Isobelle nie odezwała się ani słowem i posłusznie poszła z ojcem. Siedziałam w pierwszym rzędzie w kaplicy razem z ojcem. Tato płakał, gdy klecha prawił kazanie. Gdy Isobelle i George wymienili się obrączkami tłum zgromadzonych tam gości nie krył zadowolenia. Po oklaskach Pan Młody zaprosił nas do sali jadalnej na obiad. Wygłodniała zjadłam gołębia, który naprawdę mi smakował. Podczas wesela zamieniłam kilka rozmów z szanowanymi i wysoko postawionymi jakobitami. Rozmawiałam również z Thomasem Spensem, wujem ojca, którego pamiętałam z czasów dzieciństwa. Rozmawialiśmy o weselu i naszych wrażeniach. Wujowi najbardziej co się podobało z wesela to pełne beczki szkockiej whisky. Po pewnym czasie ojciec odbił mi partnera do rozmów i musiałam znaleźć sobie kogoś innego. Kiedy popijałam szkocką podeszła do mnie Lady Munro. Dziewczyna, mężatka, od razu zaciekawiła mnie swoim sposobem mówienia. Mówiła po gaelicku z bardzo wyraźnym akcentem. Nie skupiałam się na niczym innym jak na jej sposobie mówienia. Kiedy odeszła, Jocasta podeszła do mnie ze swoim narzeczonym. Wymieniliśmy parę słów, po czym postanowiłam porozmawiać z panną młodą. Moja siostra cieszyła się najbardziej jak mogła. Opowiadała mi, co czuła stojąc na ślubnym kobiercu.
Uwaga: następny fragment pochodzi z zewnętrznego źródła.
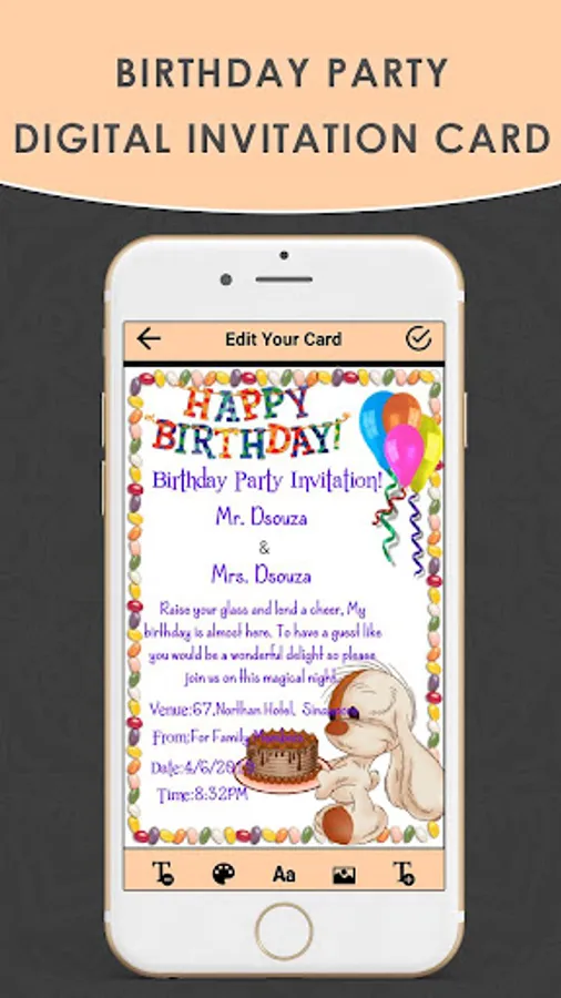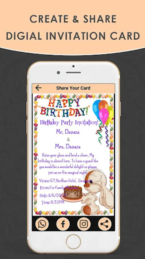 Now you can send a Digital Invitation Cards for all occasions and make someone's day special with personalized card maker application.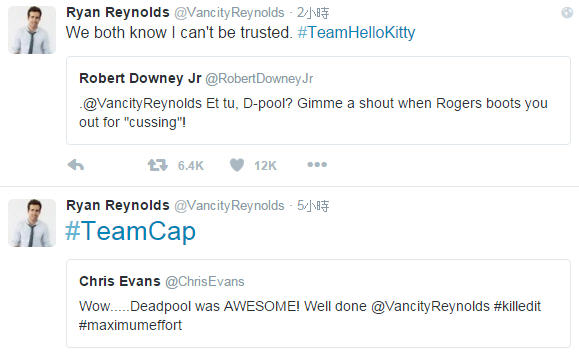 死侍、美國隊長、鋼鐵人社群上互相往來。美國隊長Chris Evans稱讚死侍好看必標記了死侍Ryan Reynolds,隨後Ryan Reynolds也給與了選邊站的標記TeamCap ,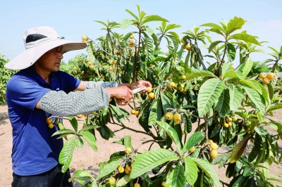 28日,果农在八卦洲外沙村果园采摘白玉枇杷准备上市。徐琦 摄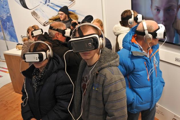 用戶使用VR設備觀看2016年利勒哈默爾冬季青奧會開幕式。科技向體育行業的滲透,正帶來新的玩法。

W pewnym momencie ciekawa rozmowa została przerwana przez mojego szwagra. Zaprosił moją siostrę do sypialni. Kiedy ci poszli do alkowy odprowadzeni przez dwórki mojej siostry, ja udałam się do swoich komnat udać się spać. Następnego dnia rano świeżo upieczona żona przyszła do mojego pokoju. Kusiło mnie zadać jej pytanie o to, co się działo w nocy. Jednak Isobelle wyprzedziła mnie i sama zaczęła opowiadać:
-Usiedliśmy na łóżku, zaczęliśmy się całować. - mówiła.
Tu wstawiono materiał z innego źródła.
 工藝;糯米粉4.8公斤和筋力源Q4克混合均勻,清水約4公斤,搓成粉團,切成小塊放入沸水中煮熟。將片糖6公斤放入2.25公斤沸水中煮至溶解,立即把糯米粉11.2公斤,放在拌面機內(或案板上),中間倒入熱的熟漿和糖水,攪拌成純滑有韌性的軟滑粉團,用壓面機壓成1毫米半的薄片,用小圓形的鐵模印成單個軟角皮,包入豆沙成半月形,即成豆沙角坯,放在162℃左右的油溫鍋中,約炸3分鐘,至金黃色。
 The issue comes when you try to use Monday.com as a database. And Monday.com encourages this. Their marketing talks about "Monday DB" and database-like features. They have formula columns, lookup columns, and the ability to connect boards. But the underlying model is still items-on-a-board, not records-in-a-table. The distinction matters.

Nie potrzebowałam więcej, bo i tak wiedziałam więcej - kiedy Sheila brała ślub z Archibaldem, po nocy poślubnej opowiedziała mi dokładnie wszystko w szczegółach. Isobelle wyglądała na szczęśliwą po tym, co działo się w nocy. Po obiedzie zorganizowanym przez Lorda, ja i ojciec musieliśmy jechać na nasze ziemie. Pożegnałam się z Isobelle. Bardzo nie chciałam jej zostawiać w zamku Fraserów, ale niestety musiałam. Ojciec też odnosił takie uczucia. Zaraz po opuszczeniu ich włości powiedział „Obyś ty córeczko nie zostawiła swojego ojca kiedy poślubisz swojego narzeczonego". I tak wróciliśmy do domu, który stał się jakoś pusty bardziej niż zwykle. Tęskniłam za Isobelle, i to bardzo.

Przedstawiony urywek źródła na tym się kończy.